They will compete with your frogs for food, and when their population explodes, will be all over your tank...


----------



## MrFusion

I hate those nasty little things. Worms just give me the heebie jeebies. Take your frogs out and you can dry ice bomb them out of existence.


----------



## DannyMeister

I am very sorry 

I cannot get rid of these things. They came in on plants I bought from a member here, I believe. Now I have no micro-fauna to speak of, just wriggling worms on every surface. I learned my lesson about not quarantining plants!


----------



## frogface

Yea, soak everything in bleach! 

I got those in a tank, recently. All plants were soaked in bleach, but, I did add some dried leaves without boiling/baking. I'm thinking that's where they came from, but, I don't know. Disgusting little worms. I broke down the tank, bleached the heck out of it. Set it back up for my new tree frogs (little plug for my very cool tree frogs) and I haven't seen any more of them.


----------



## WONTON SALLY

well, since tearing down the tank and bleaching it isn't an option i guess i will have to CO2 bomb it.


----------



## Okapi

good luck, keep us updated


----------



## froggymike

You may have to bomb it several times in a row. I read somewhere on here they are almost impossible to get rid of with bombing. I plan on tearing down the one tank that has them in it and rebuilding it. Plants, wood, cork are all trashed in my 40 corner tank. Keep me posted on how the bombing is going.


----------



## Lance

With my experience with these is an utter pain in the ass.
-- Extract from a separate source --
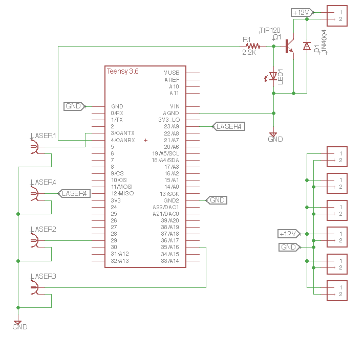 The heart of the PAS electrical system is the Teensy 3.6 (PJRC.com) microcontroller that resides on the MultiPAS control board. The Teensy communicates with the software to control the modulation of the lasers and switch the background valve on and off. The same board distributes 12 V power to the system. The MultiPAS control board may be used with both 3- and 4-wavelength versions of the PAS. Three-wavelength versions may have a Teensy 3.2 instead of the 3.6 shown on the schematic; these are, however, mostly drop-in compatible.

Tips for controling them. Fill the false bottom section and your substrate and leaf litter for a good week, co2 bomb every few days for a span of a week, repeat in 2 weeks.


----------



## Okapi

I wonder if these would work?
http://www.dendroboard.com/forum/plants/74085-slug-snail-biocontrol.html


----------



## DannyMeister

WONTON SALLY said:


> well, since tearing down the tank and bleaching it isn't an option i guess i will have to CO2 bomb it.


I wish you luck! 4 bombings in 4 weeks didn't work for me, by the way


----------



## Pumilo

Make sure you bomb it properly. Davecalk is the last word in CO2 bombing. http://www.dendroboard.com/forum/care-sheets/57367-building-using-co2-generator.html


----------



## Ed

frogface said:


> Yea, soak everything in bleach!
> 
> I got those in a tank, recently. All plants were soaked in bleach, but, I did add some dried leaves without boiling/baking. I'm thinking that's where they came from, but, I don't know. Disgusting little worms. I broke down the tank, bleached the heck out of it. Set it back up for my new tree frogs (little plug for my very cool tree frogs) and I haven't seen any more of them.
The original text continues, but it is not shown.